# Description of the task
The output is a word-for-word repeat of the listing below, free of images.

# Material provided

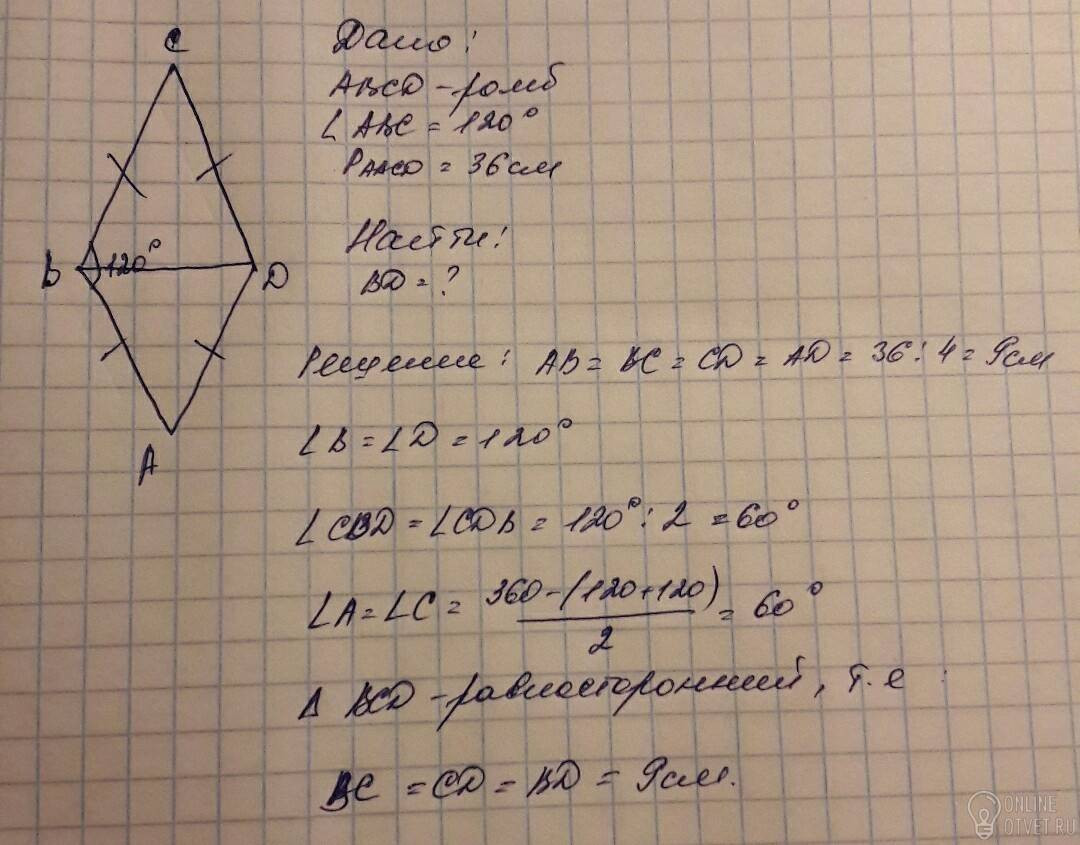 Периметр ромба ABCD 36см. зная что мера угла ABC 120 градусов. найти длину диагонали BD
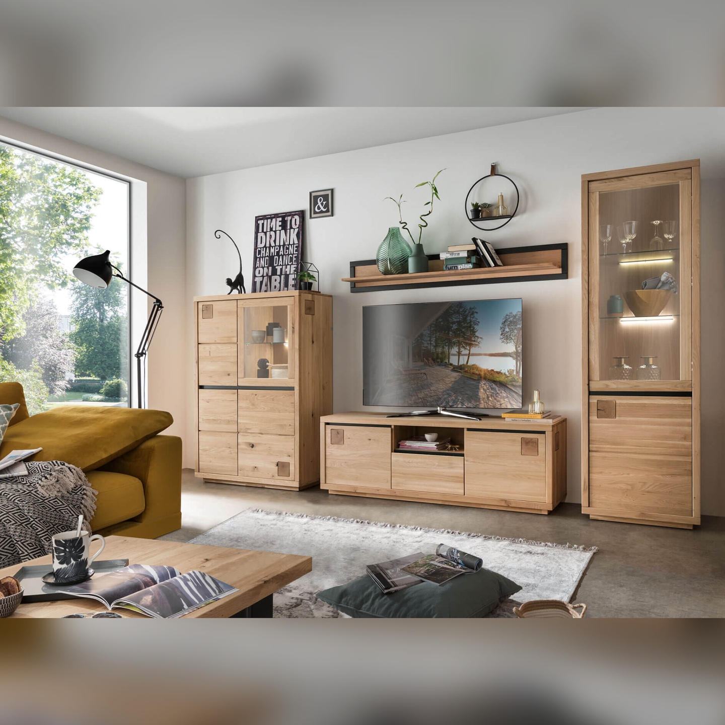 👉 Połączenie loftu i naturalnego drewna: czarne akcenty kontrastują z ciepłym dębem.
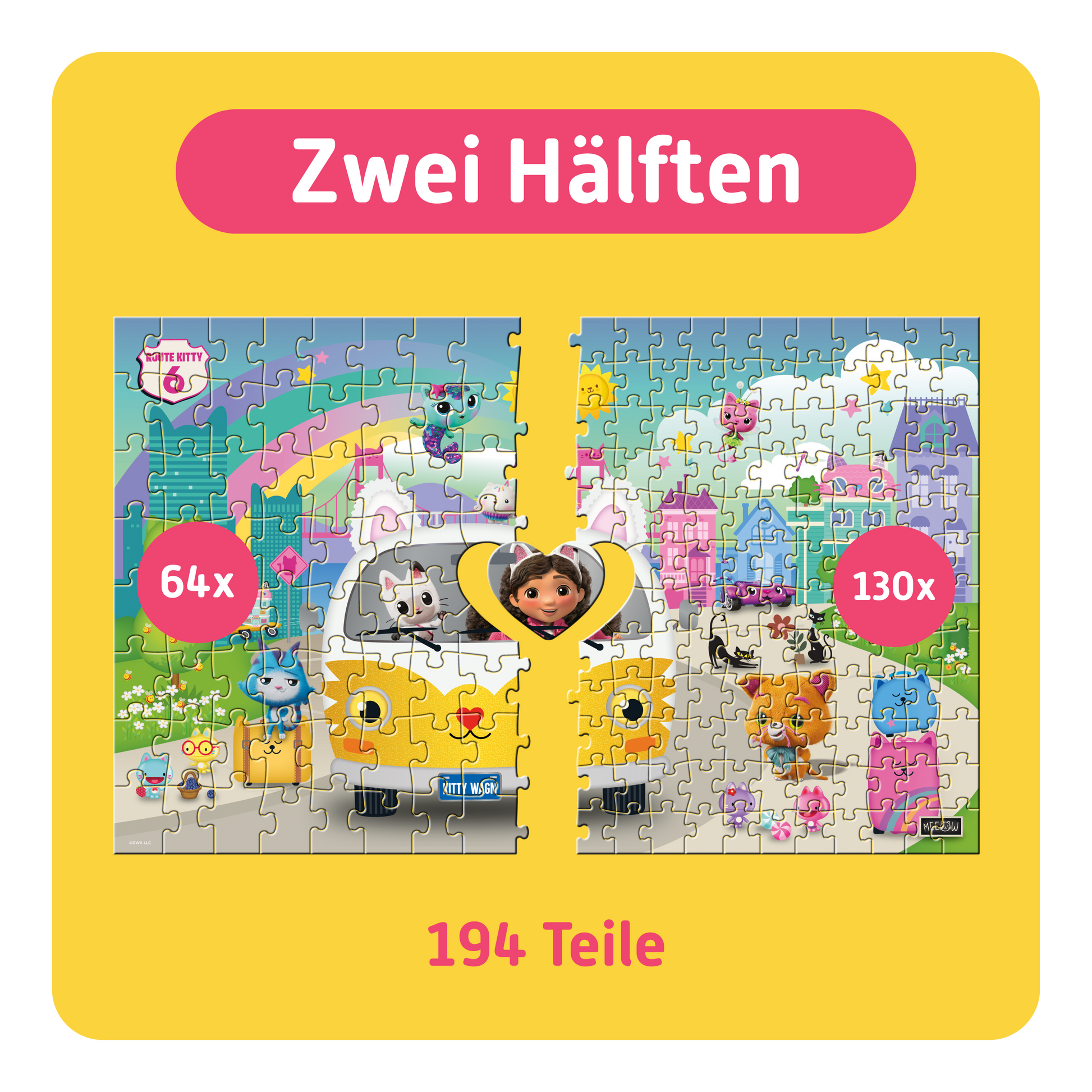 Für gemeinsamen Puzzlespaß: Dieses Puzzle ist in zwei Hälften geteilt – 64 große Teile für Kinder ab 4+ und 130 kleine für Erwachsene ergeben ein Motiv. Beide puzzeln bis zur Mitte und setzen zusammen das Herzstück ein.

# Your solution
 Периметр ромба ABCD 36см. зная что мера угла ABC 120 градусов. найти длину диагонали BD
 👉 Połączenie loftu i naturalnego drewna: czarne akcenty kontrastują z ciepłym dębem.
 Für gemeinsamen Puzzlespaß: Dieses Puzzle ist in zwei Hälften geteilt – 64 große Teile für Kinder ab 4+ und 130 kleine für Erwachsene ergeben ein Motiv. Beide puzzeln bis zur Mitte und setzen zusammen das Herzstück ein.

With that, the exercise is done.